Created by Marti Noxon and Sarah Gertrude Shapiro, “UnREAL” centers on the drama — staged and candid — on both sides of the camera at “Everlasting.” Shiri Appleby and Constance Zimmer star as “Everlasting’s” producer and showrunner, respectively.
Season 4 sees several familiar faces return as Rachel, Quinn, and the gang produce “Everlasting All Stars,” a spin-off that reunites former contestants and suitors, similar to “Bachelor in Paradise.”
“We’re so excited that people are getting it all at once because it’s always felt like that kind of show to me,” Shapiro told Variety. “And when you get to the point where you feel like you absolutely can’t stand Rachel, you know there’s another turn coming, and it’s coming right away. Bingeing feels like the truth to me right now, and I’m really happy to [tell the story] this way.”

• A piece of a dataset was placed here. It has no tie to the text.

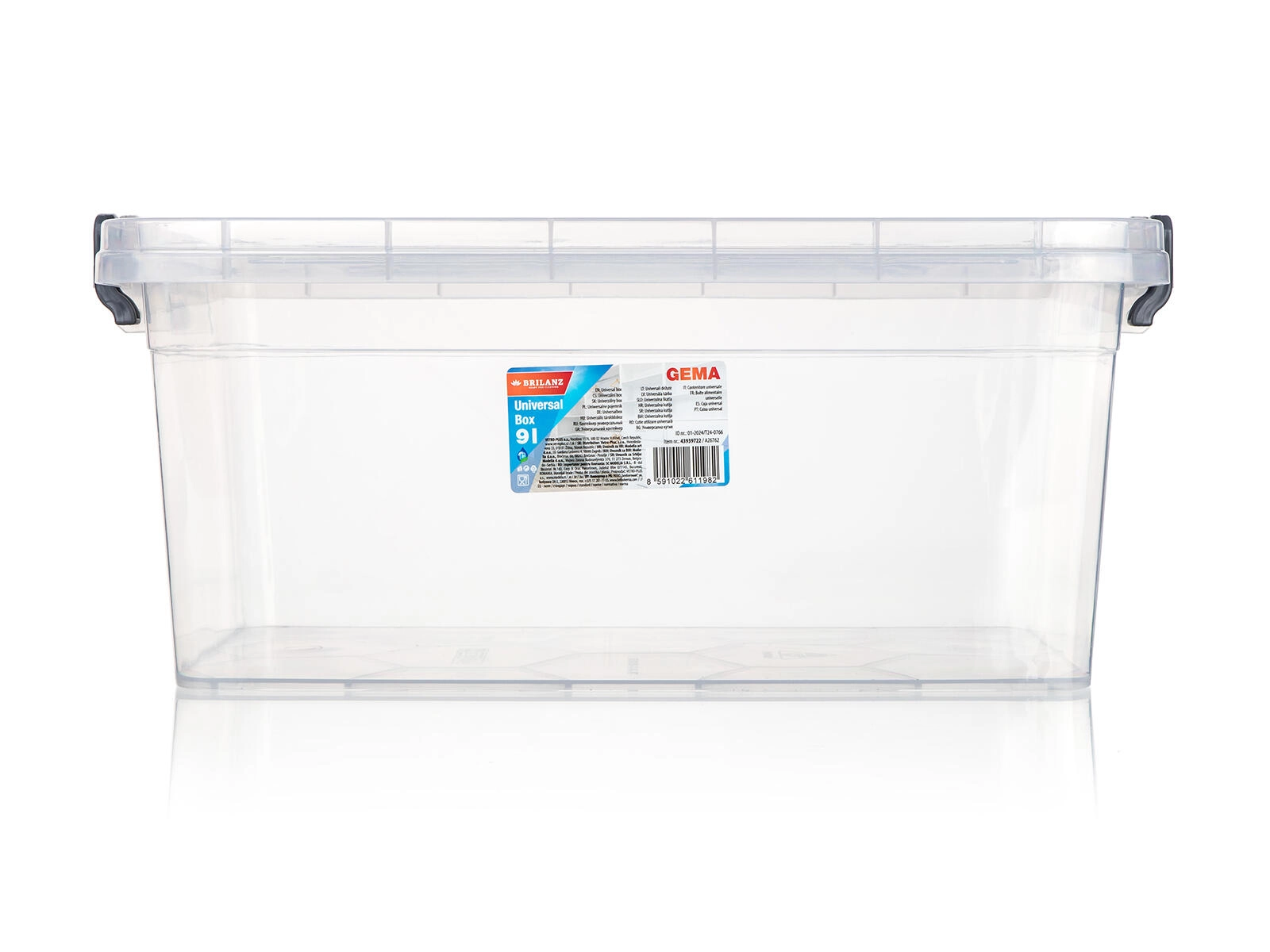 Praktični spremnik GEMA 9 l s čvrstim sivim kopčama i prozornim tijelom za brzi uvid u sadržaj. Idealan za organizaciju kućanstva, ureda i radionice, nudi sigurno zatvaranje poklopca i jednostavno rukovanje.

Appleby and Zimmer have both helmed episodes of “UnREAL.” The Peabody-winning series was inspired by Shapiro’s short film “Sequin Raze.” Noxon served as showrunner during the first season, Carol Barbee the second, and Stacy Rukeyser the third and fourth.

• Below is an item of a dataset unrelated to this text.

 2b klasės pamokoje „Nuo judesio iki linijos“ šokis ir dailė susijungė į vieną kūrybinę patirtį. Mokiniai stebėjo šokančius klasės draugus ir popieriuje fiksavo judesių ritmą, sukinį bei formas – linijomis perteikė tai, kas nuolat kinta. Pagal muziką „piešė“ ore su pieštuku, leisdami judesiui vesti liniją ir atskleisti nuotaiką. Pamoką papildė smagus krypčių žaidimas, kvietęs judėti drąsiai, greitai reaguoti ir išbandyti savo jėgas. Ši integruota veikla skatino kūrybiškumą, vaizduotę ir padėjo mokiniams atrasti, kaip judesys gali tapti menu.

“UnREAL” Seasons 1-3 aired on Lifetime. Hulu snagged a first-run deal for the drama — one of its most popular streaming options — earlier this year. No word on whether Season 4 will eventually play on Lifetime.
Shapiro also spoke about her feature directorial debut, a film based on women who took on ISIS, and its unexpected connections to “UnREAL.” “For me the part where there is a lot of crossover, and for me was my way into the story, is that it’s based on two women — a Kurdish woman who’s been captured and enslaved with an American woman — and it’s actually really little sarcastic and poppy and Tarantino-y,” she hinted. “It’s really heightened, actually. And the interesting thing for me about ISIS once I started researching it is it’s primarily Western people — so it’s like British rappers and stuff. The Twitter culture of ISIS became my obsession, so to me it feels like the natural next step from ‘Unreal’ because it’s sort of taking the psychosis of American reality television and extending it to the global level — the violence of video games and post-capital boredom. It actually feels like the same thing but way bigger and scarier and more complicated,” she explained.
Shapiro previously directed two episodes of “UnREAL” as well as the entirety of its spin-off web series, “UnREAL: The Faith Diaries.”